正午,柳府之中来了几位客人,皆是恭贺柳家大小姐成亲的人,柳仙自然沒有出面接待,都是被老三和大管家拦下,這些小鱼小虾想要见到柳仙還差了点地位。
柳仙也趁此机会带着涟漪出了门,给涟漪戴上了一顶毡帽,穿上了寻常人家的布衣,居然還是无法掩饰涟漪的貌美。
正巧路過后厨,柳某人突然抓出一把煤灰涂在了涟漪的脸上,顿时像個大花猫一样,倒是十分可爱。涟漪本来拒绝,结果被柳仙强硬的捏了捏驼峰,也不得不屈服于柳大小姐的淫威。
出了柳府后门,已有几個少年在门外接应,這些小子脸上倒是跟涟漪一样,满是煤灰,一双眼咕噜左右的乱看,身上的衣服更是烂成了布條,衣不蔽体。
涟漪捂住了漂亮的眸子,有些害羞的不敢睁开眼。
“大姐头,孙老大他们和兴隆帮干起来了。”一個年级不大,顶多十岁的小子鬼头鬼脑的說道。
柳仙脸色变了变,当即下令“走。”
那几個小子立马带头朝着街角冲去,柳仙跟在他们的后面,倒是涟漪一跑累的不行,连說“不行,我腰疼……”
柳仙撇了撇嘴,一把将涟漪扛在肩头,涟漪不過八十多斤,這样的重量,柳仙扛着跑個一千来米不费什么劲。
跑過了两三條街道,钻进了一处破败的城隍庙,立马听到了一大群人打打杀杀的声音。
“靠,你们兴隆帮欺人太甚,這特么分明是青门的人。”那青衣小子大喊一声,身形瘦小,手中拿着一根绿色竹子,這可不是简单的竹子,而是一根竹鞭,碧绿坚硬的竹鞭打人十分疼,稍不注意就是皮开肉绽。
“孙笑川,你特么也不讲究啊,說好谈事情,你特么带来了五十多個人,你以为你土皇帝啊。”对面一個面色狰狞的汉子大骂道,本以为自己带了十几個青门的人稳赢他孙笑川,沒想到這厮居然带来了五十几個人。
孙笑川咧嘴一笑,手中竹鞭虎虎生风,‘啪’的一声,对面兴隆帮一個小子脸上就是一道红色的印子,疼得那孙子火辣辣的叫唤。
“看我的。
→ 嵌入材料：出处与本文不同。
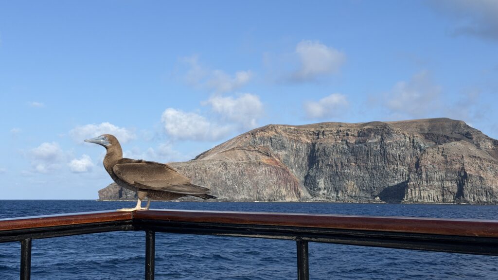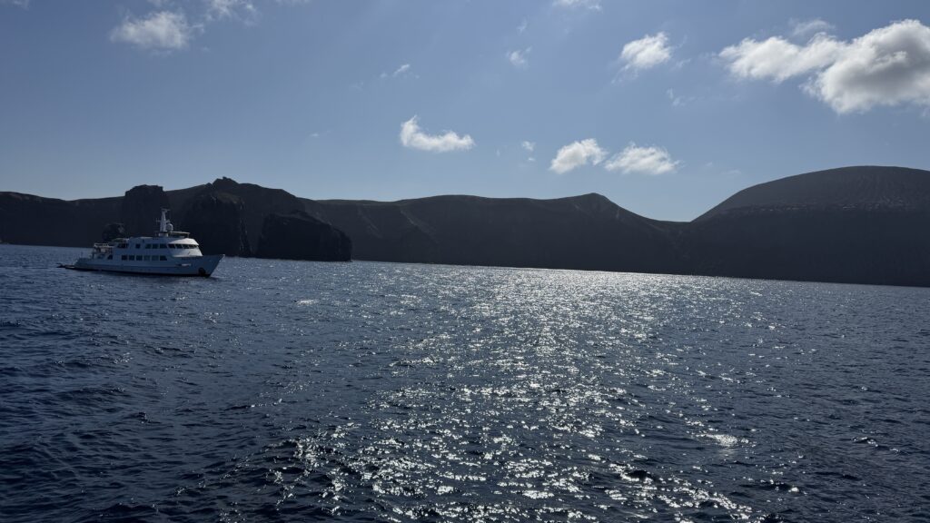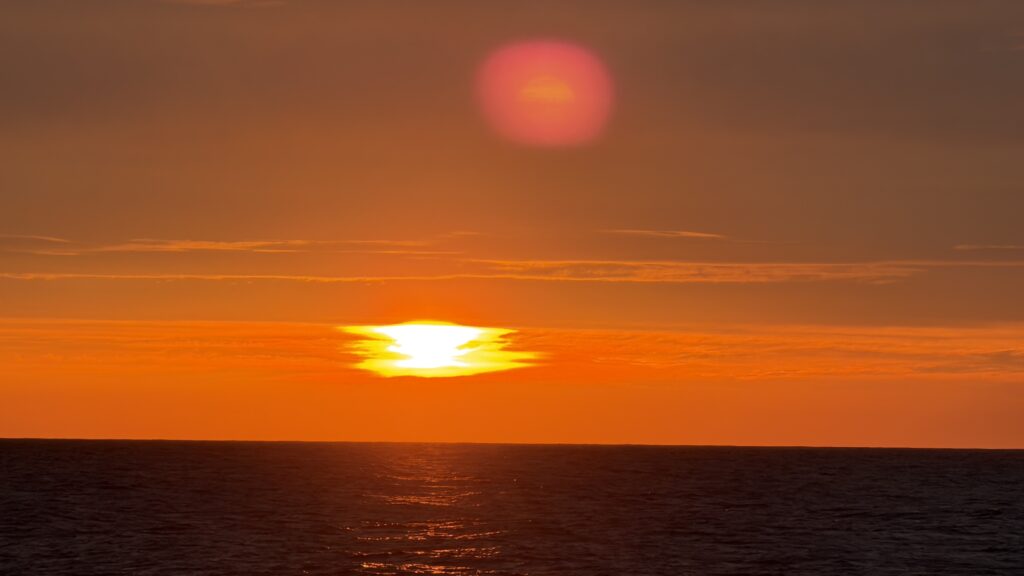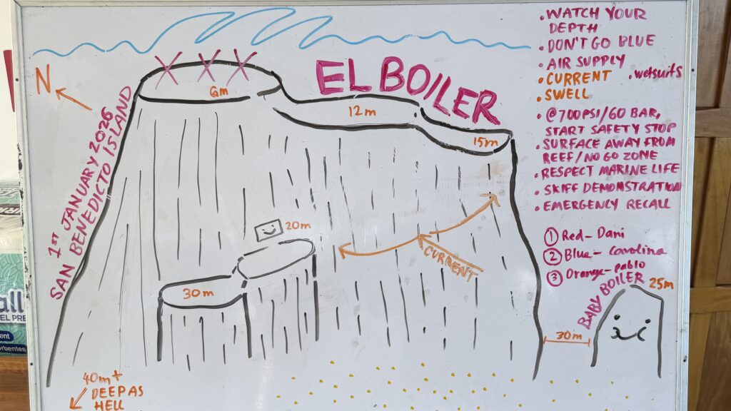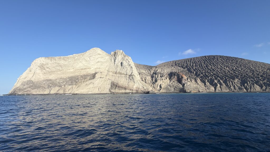 Auf der Fahrt haben wir einige Delfine neben uns schwimmen gesehen. Der Sonnenuntergang zu Silvester war auch sehr schön. Jetzt haben wir noch eine ganze Nacht vor uns bis wir zu unserer ersten Insel San Benedicto in der Inselgruppe „Soccoro“ ankommen.

”這时,一位壮汉突然加入了战场,他体型足有七尺,庞大无比,手中捏着一把沒开封的钝刀,那大刀近有五尺长,一刀下去,兴隆帮的小弟好几個避之不及,被一刀打的飞出好几米远。
“那别怪我兴隆帮不客气了,放令箭。”兴隆的领头人冷笑一声,旁边的小弟意会,拿出一只火炮,朝着天上点燃。
“砰。”
火炮一向,孙笑川大喊不妙,這是兴隆帮的兴隆令,一旦点燃,兴隆帮的人都会来此。
“嘿嘿,你们仙仙帮不過几千人,敢和我兴隆帮上万人斗?孙笑川,赶紧爬過来叫我几声爷爷,我還能饶你一條狗命,听說你们帮還有两個小美女,等把你们灭了,抢過来给大爷暖暖被窝。”那小子口不择言,疯狂的大笑道,嚣张无比。
“你算個什么玩意?敢要我大姐头给你暖被窝。”孙笑川怒极反笑,一口怒气在心头堵着,他已经感觉到了气氛的凝固,原本的一场面谈也变成了两大帮派的斗殴。
只是這样的对阵,吃亏的只会是仙仙帮,毕竟仙仙帮众人当中,基本都是十四十五的少年,而那兴隆帮,可大多数都是彪悍的青年。
“那我龙海星够不够格?”這时,城隍庙门口走进来一位彪形大汉,手拿一只乌龟,倒像是個龟儿子一样爱护那只龟。
“我觉得不行。”
。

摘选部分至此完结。